Your assignment: Would you please retype, exactly, the lines of the listing below between the line with "1階トイレはご主人様が選んで" and the line with "在2017年6月宜家正式上线", inclusive?

Records for the exercise:
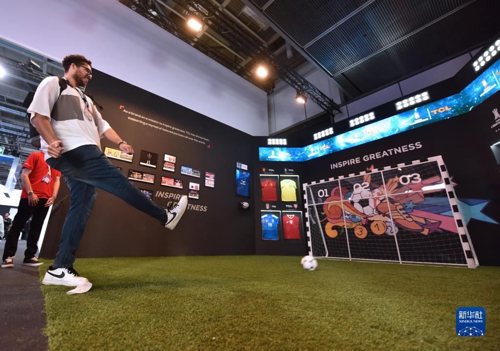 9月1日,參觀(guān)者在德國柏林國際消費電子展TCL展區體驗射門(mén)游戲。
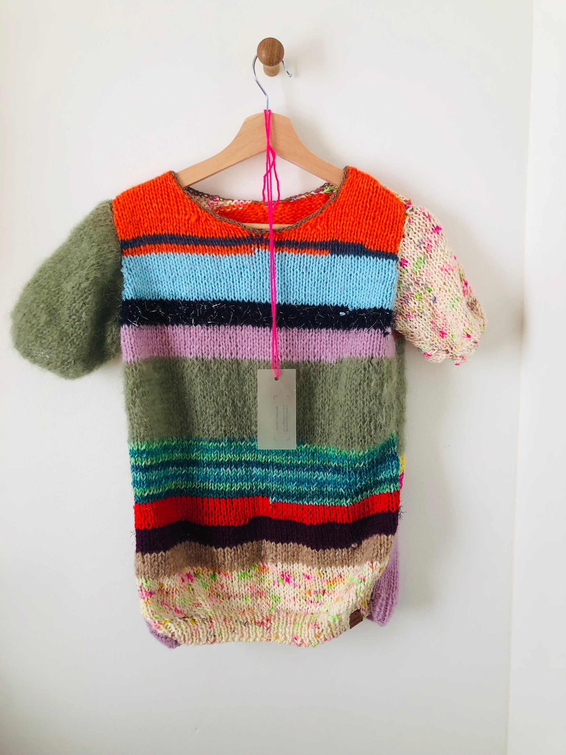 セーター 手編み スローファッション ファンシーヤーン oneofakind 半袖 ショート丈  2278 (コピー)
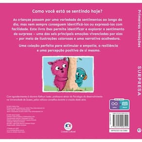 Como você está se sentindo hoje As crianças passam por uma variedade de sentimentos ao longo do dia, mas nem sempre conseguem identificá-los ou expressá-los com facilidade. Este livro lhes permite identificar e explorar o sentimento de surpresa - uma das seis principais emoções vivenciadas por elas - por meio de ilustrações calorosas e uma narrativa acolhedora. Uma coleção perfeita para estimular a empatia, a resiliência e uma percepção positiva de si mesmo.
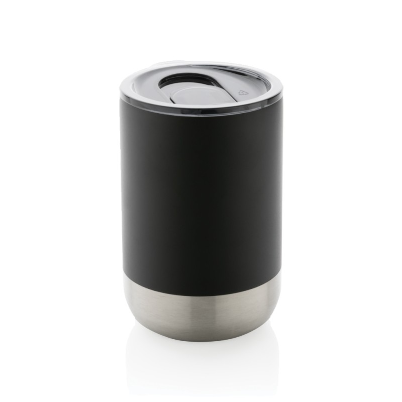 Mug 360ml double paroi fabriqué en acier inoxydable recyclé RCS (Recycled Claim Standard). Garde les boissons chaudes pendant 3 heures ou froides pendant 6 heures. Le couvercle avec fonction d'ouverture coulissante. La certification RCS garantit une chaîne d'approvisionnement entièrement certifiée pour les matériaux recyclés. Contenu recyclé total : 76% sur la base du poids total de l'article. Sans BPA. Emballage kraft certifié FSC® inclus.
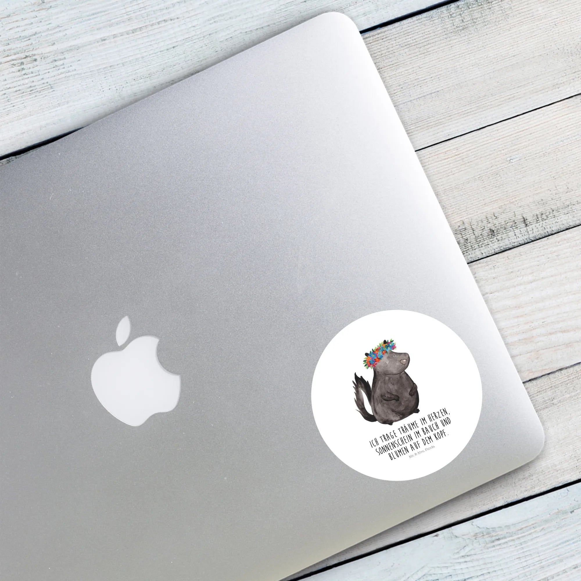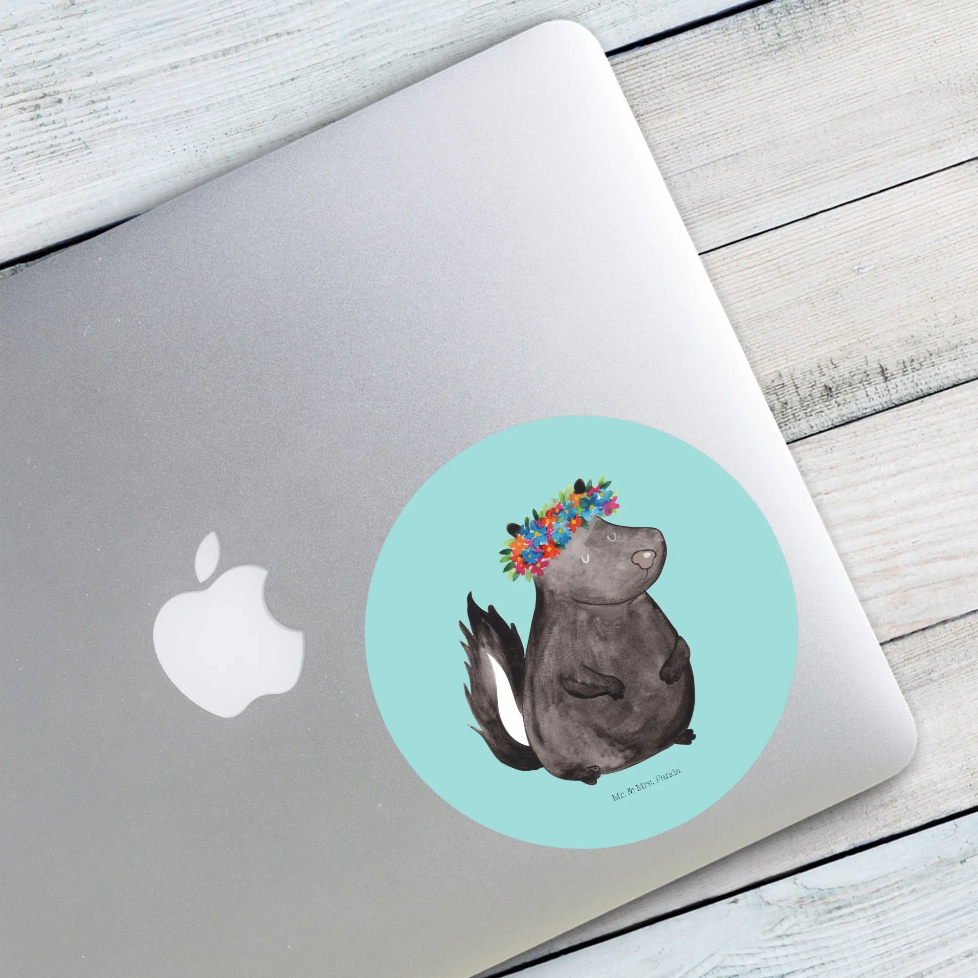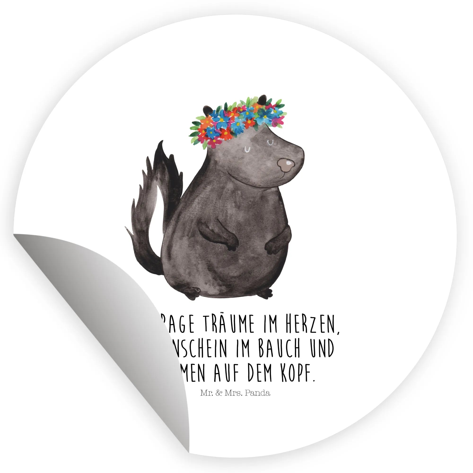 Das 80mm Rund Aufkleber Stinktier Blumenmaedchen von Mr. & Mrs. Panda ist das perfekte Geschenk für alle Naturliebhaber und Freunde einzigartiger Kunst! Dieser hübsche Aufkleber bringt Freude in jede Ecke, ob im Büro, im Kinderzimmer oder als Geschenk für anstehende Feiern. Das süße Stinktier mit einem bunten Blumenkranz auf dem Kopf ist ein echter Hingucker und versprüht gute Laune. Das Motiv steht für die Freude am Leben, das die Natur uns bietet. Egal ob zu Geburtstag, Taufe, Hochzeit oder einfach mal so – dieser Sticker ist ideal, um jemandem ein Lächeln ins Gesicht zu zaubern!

--

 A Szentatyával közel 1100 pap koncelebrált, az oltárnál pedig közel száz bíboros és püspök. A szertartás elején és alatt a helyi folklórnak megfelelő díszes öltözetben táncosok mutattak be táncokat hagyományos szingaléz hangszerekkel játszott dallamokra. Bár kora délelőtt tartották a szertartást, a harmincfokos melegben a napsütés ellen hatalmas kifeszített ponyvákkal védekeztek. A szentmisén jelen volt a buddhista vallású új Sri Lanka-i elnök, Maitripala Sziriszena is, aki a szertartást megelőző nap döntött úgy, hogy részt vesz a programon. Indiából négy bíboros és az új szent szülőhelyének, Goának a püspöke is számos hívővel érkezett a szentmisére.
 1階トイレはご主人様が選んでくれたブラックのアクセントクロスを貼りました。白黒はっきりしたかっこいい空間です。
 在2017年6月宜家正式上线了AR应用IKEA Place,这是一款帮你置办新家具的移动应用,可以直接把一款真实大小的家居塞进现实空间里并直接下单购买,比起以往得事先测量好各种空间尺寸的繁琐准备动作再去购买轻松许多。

Completed exercise:
 1階トイレはご主人様が選んでくれたブラックのアクセントクロスを貼りました。白黒はっきりしたかっこいい空間です。
 在2017年6月宜家正式上线了AR应用IKEA Place,这是一款帮你置办新家具的移动应用,可以直接把一款真实大小的家居塞进现实空间里并直接下单购买,比起以往得事先测量好各种空间尺寸的繁琐准备动作再去购买轻松许多。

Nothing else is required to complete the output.